* Exercise prompt
Word for word, reproduce the records, keeping none of the pictures.

[Start of section]

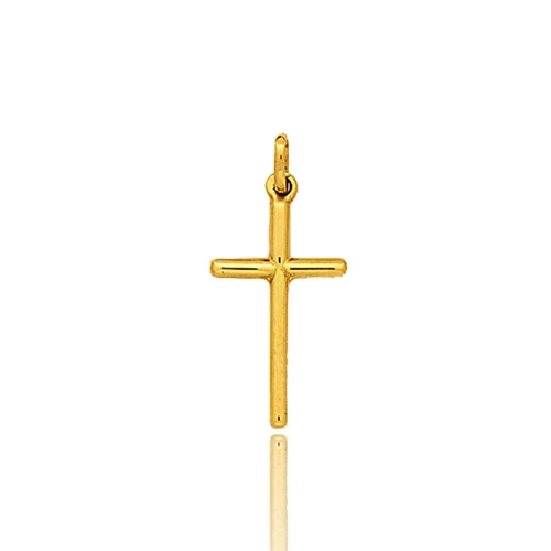 Cette croix bâton arrondie en or jaune 18 carats poli brillant se porte en toute simplicité.
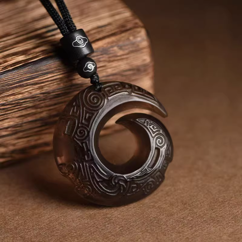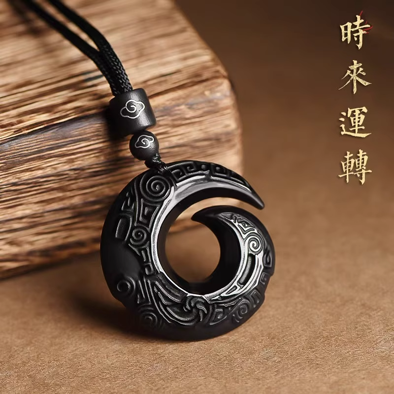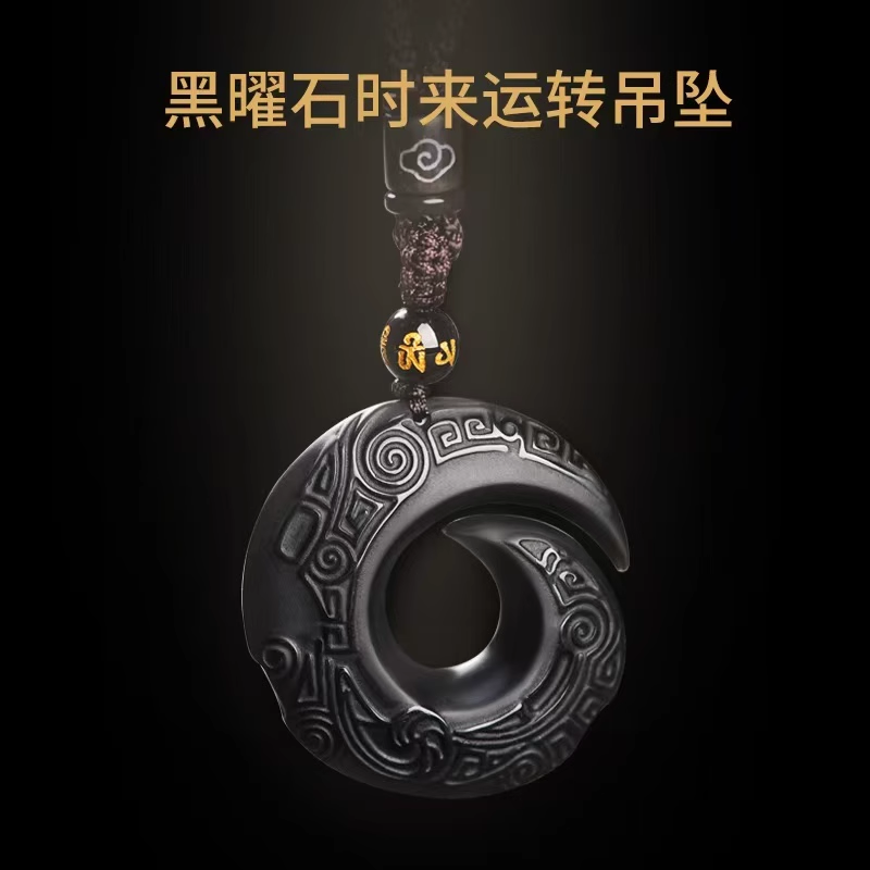 天然黑曜石时来运转吊坠平安扣护身符冰种男士女项链水晶挂坠补水
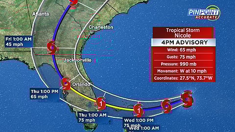 وأشار الخبراء إلى أن عاصفة "نيكول" تتجه من شمال غرب جزر الباهاما والساحل الأطلسي إلى فلوريدا، ومن المحتمل أن تتحول إلى إعصار خطير.
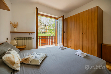 Si affitta Villetta con giardino e box privato a Bratto, disposta su 3 piani (2 + taverna) composta da 2 camere da letto, sala e cucina attrezzata, 2 bagni e taverna.
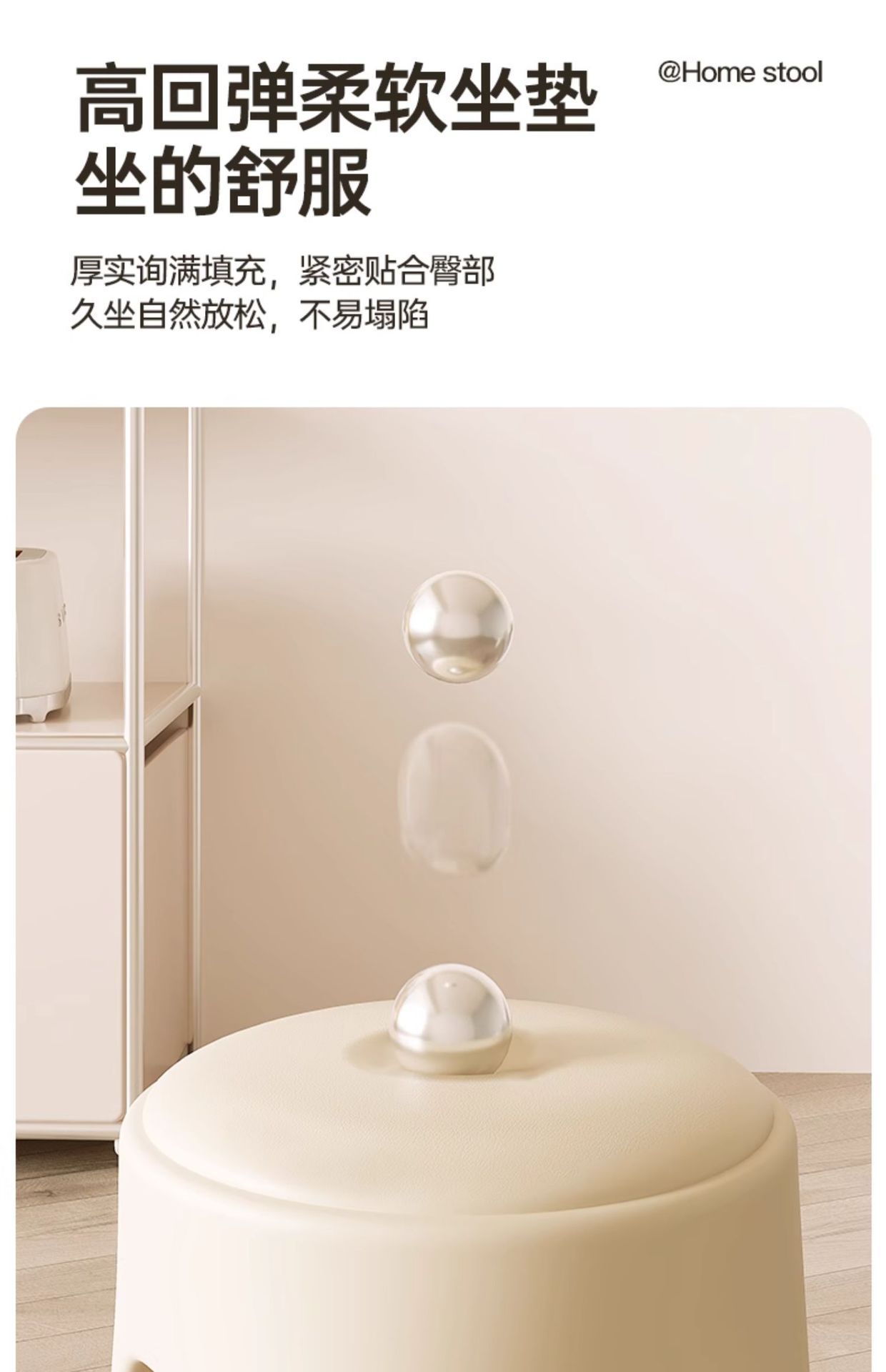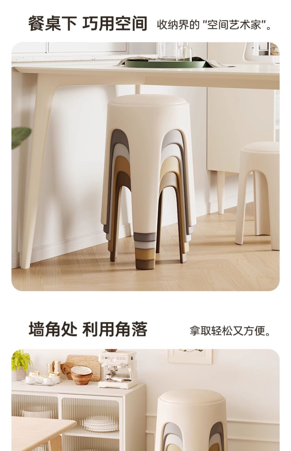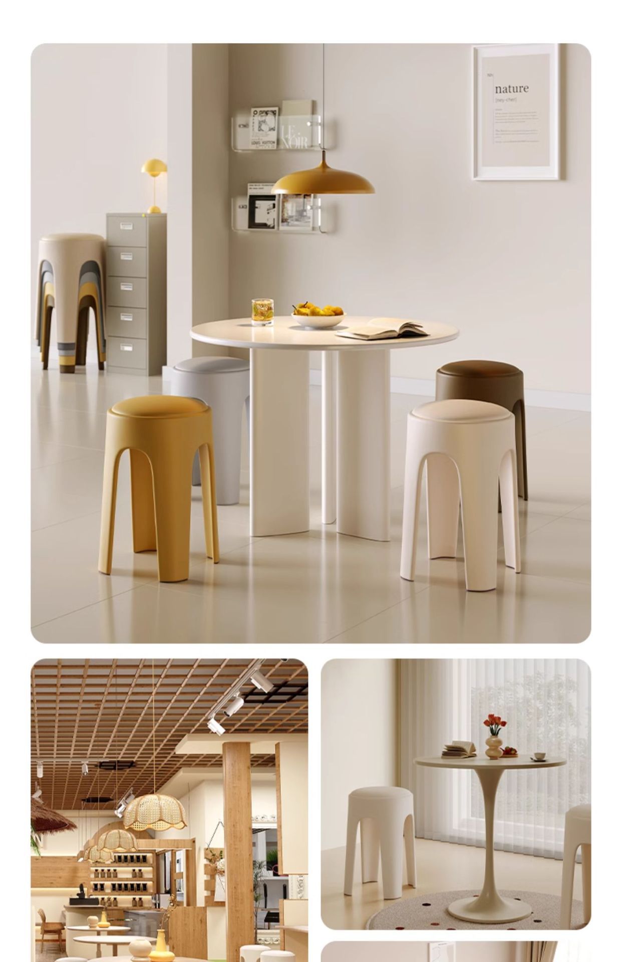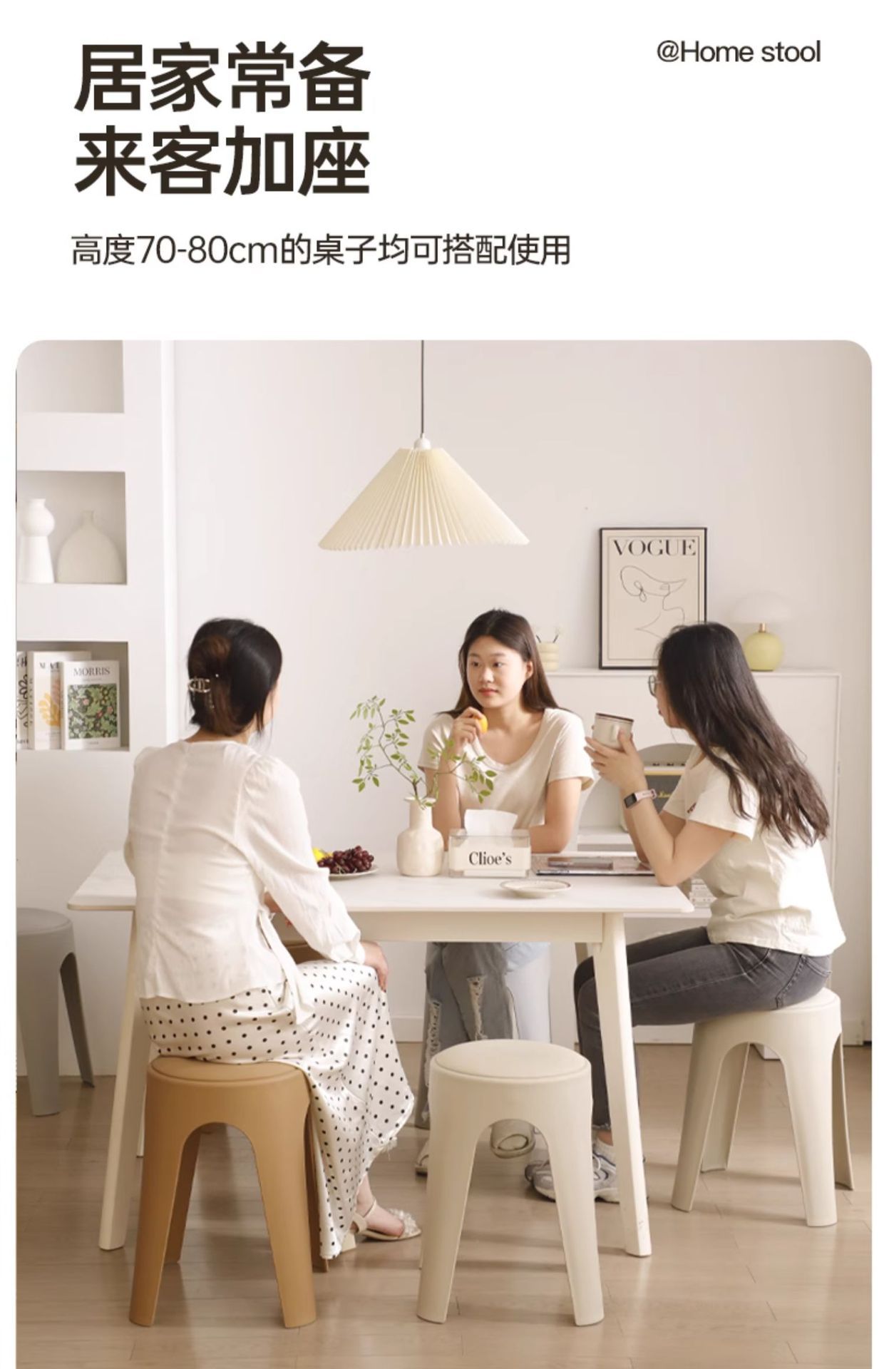 Los taburetes de plástico se pueden apilar para el hogar, taburetes redondos de crema de lujo ligero, mesa y silla de comedor de sala de estar, sillas de repuesto resistentes y duraderas
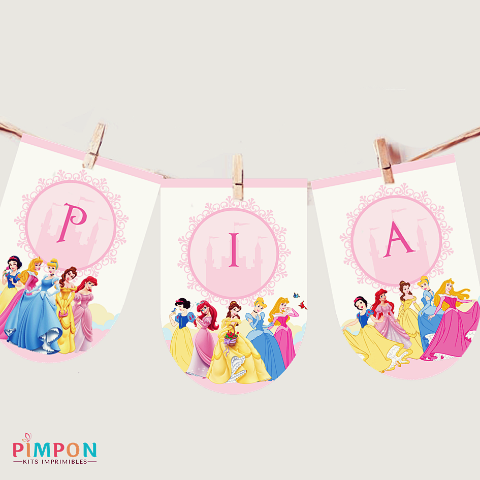 kit imprimible textos editables - PRINCESAS DISNEY
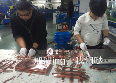 現(xiàn)在是2017年12月18日,星期一晚上23點,天氣還是比較寒冷的,但是我們金橋銅業(yè)的小伙伴們還在擼起袖子加班生產(chǎn)新能源汽車銅箔軟連接,絲毫感覺不到寒意,反而有點熱的要命。

[End of section]

* Task answer
 Cette croix bâton arrondie en or jaune 18 carats poli brillant se porte en toute simplicité.
 天然黑曜石时来运转吊坠平安扣护身符冰种男士女项链水晶挂坠补水
 وأشار الخبراء إلى أن عاصفة "نيكول" تتجه من شمال غرب جزر الباهاما والساحل الأطلسي إلى فلوريدا، ومن المحتمل أن تتحول إلى إعصار خطير.
 Si affitta Villetta con giardino e box privato a Bratto, disposta su 3 piani (2 + taverna) composta da 2 camere da letto, sala e cucina attrezzata, 2 bagni e taverna.
 Los taburetes de plástico se pueden apilar para el hogar, taburetes redondos de crema de lujo ligero, mesa y silla de comedor de sala de estar, sillas de repuesto resistentes y duraderas
 kit imprimible textos editables - PRINCESAS DISNEY
 現(xiàn)在是2017年12月18日,星期一晚上23點,天氣還是比較寒冷的,但是我們金橋銅業(yè)的小伙伴們還在擼起袖子加班生產(chǎn)新能源汽車銅箔軟連接,絲毫感覺不到寒意,反而有點熱的要命。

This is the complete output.